_Supplied records_.
Content starts
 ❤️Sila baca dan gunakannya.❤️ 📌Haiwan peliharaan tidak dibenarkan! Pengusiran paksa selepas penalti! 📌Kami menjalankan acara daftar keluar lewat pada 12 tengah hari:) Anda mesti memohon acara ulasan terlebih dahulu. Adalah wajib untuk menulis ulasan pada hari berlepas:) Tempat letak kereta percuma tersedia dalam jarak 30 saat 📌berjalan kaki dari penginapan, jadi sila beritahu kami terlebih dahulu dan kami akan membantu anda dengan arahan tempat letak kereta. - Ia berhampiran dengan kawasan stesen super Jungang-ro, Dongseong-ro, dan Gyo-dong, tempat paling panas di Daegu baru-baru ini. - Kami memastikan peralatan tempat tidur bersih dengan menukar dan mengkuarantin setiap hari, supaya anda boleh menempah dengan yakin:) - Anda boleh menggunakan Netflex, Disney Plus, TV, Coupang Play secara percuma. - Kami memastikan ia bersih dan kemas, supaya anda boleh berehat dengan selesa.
Content ends
Content starts
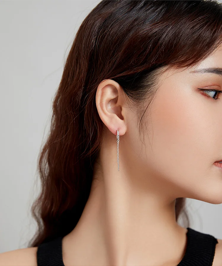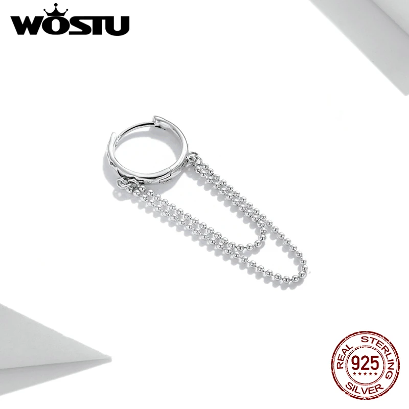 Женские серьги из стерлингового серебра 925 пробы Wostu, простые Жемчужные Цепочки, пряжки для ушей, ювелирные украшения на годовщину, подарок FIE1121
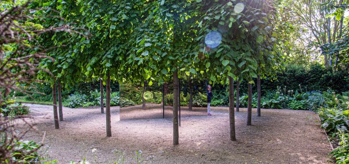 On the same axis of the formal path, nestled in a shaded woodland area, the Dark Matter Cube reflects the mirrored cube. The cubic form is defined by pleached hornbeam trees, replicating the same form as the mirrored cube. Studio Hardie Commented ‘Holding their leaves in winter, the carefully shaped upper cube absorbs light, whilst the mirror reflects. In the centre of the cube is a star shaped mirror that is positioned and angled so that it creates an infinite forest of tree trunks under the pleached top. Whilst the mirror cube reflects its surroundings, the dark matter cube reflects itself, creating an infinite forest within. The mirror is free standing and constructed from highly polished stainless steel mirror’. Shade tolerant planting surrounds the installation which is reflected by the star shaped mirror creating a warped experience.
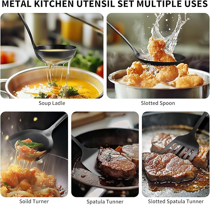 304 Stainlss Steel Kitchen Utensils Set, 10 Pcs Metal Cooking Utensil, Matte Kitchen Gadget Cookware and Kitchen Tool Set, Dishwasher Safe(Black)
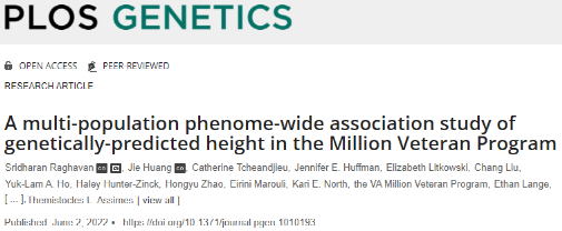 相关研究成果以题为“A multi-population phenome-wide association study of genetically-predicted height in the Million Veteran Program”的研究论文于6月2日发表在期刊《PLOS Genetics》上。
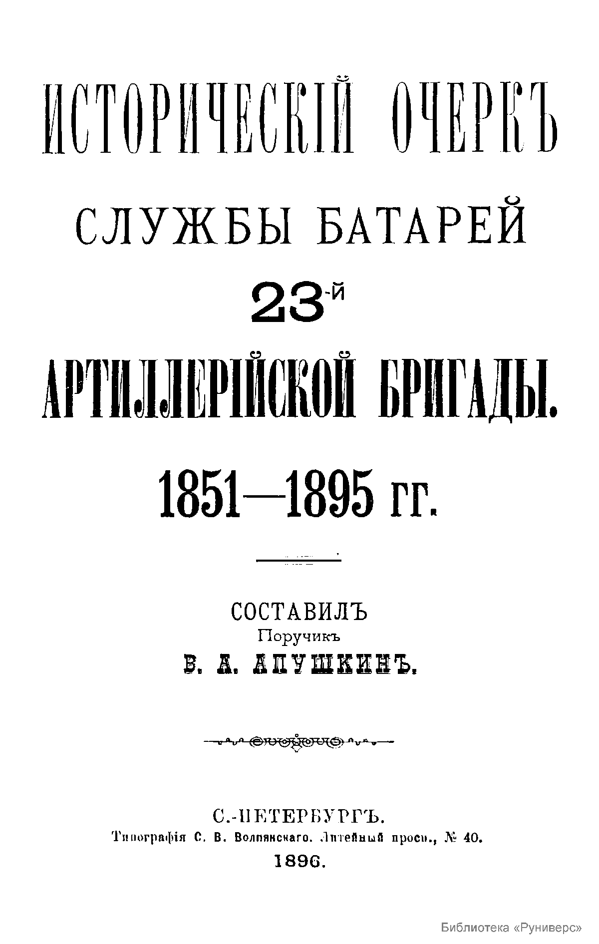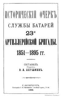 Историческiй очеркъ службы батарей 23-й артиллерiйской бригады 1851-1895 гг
Content ends
Content starts
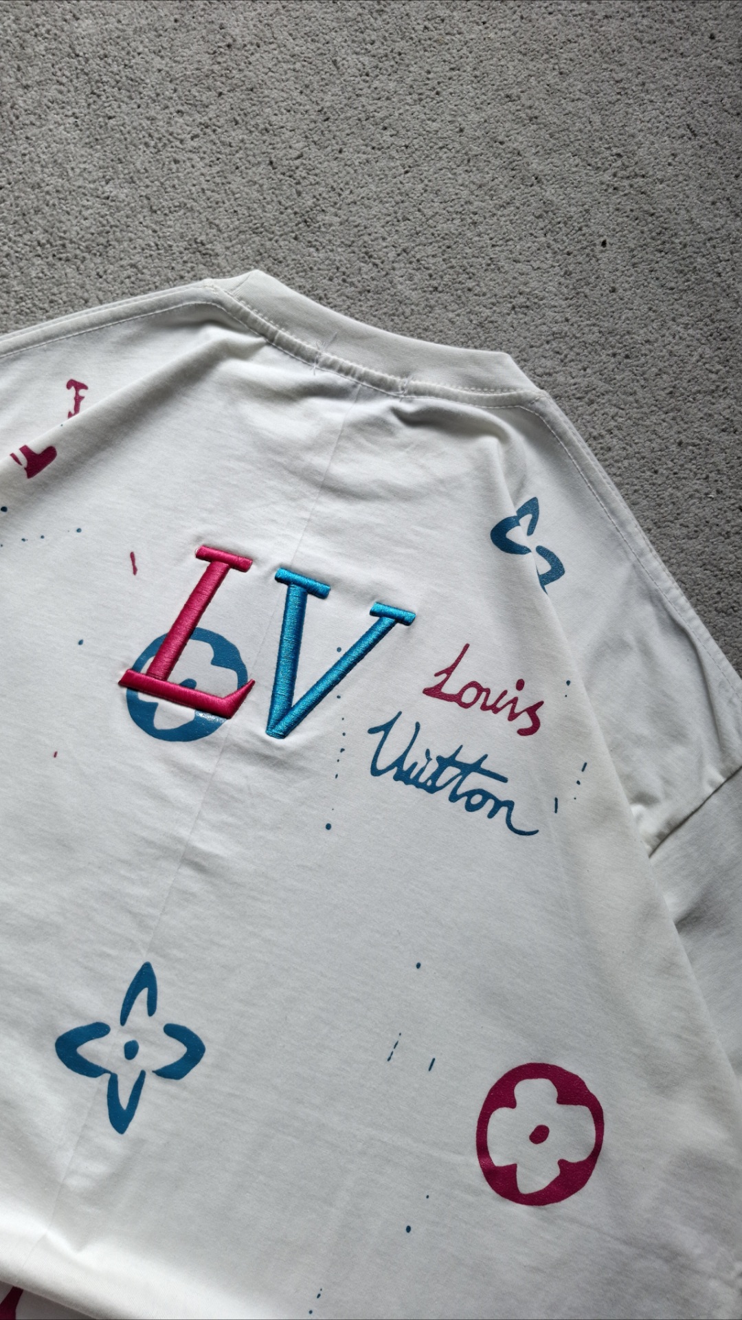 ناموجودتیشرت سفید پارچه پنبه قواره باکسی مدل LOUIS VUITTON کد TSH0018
Content ends
_What to do_. Within the entries above, the lines from the one containing "multi-population phenome-wide association" through the one containing "Историческiй очеркъ службы" are to be transcribed exactly, ends included, pictures excluded.

_Solution_.
 相关研究成果以题为“A multi-population phenome-wide association study of genetically-predicted height in the Million Veteran Program”的研究论文于6月2日发表在期刊《PLOS Genetics》上。
 Историческiй очеркъ службы батарей 23-й артиллерiйской бригады 1851-1895 гг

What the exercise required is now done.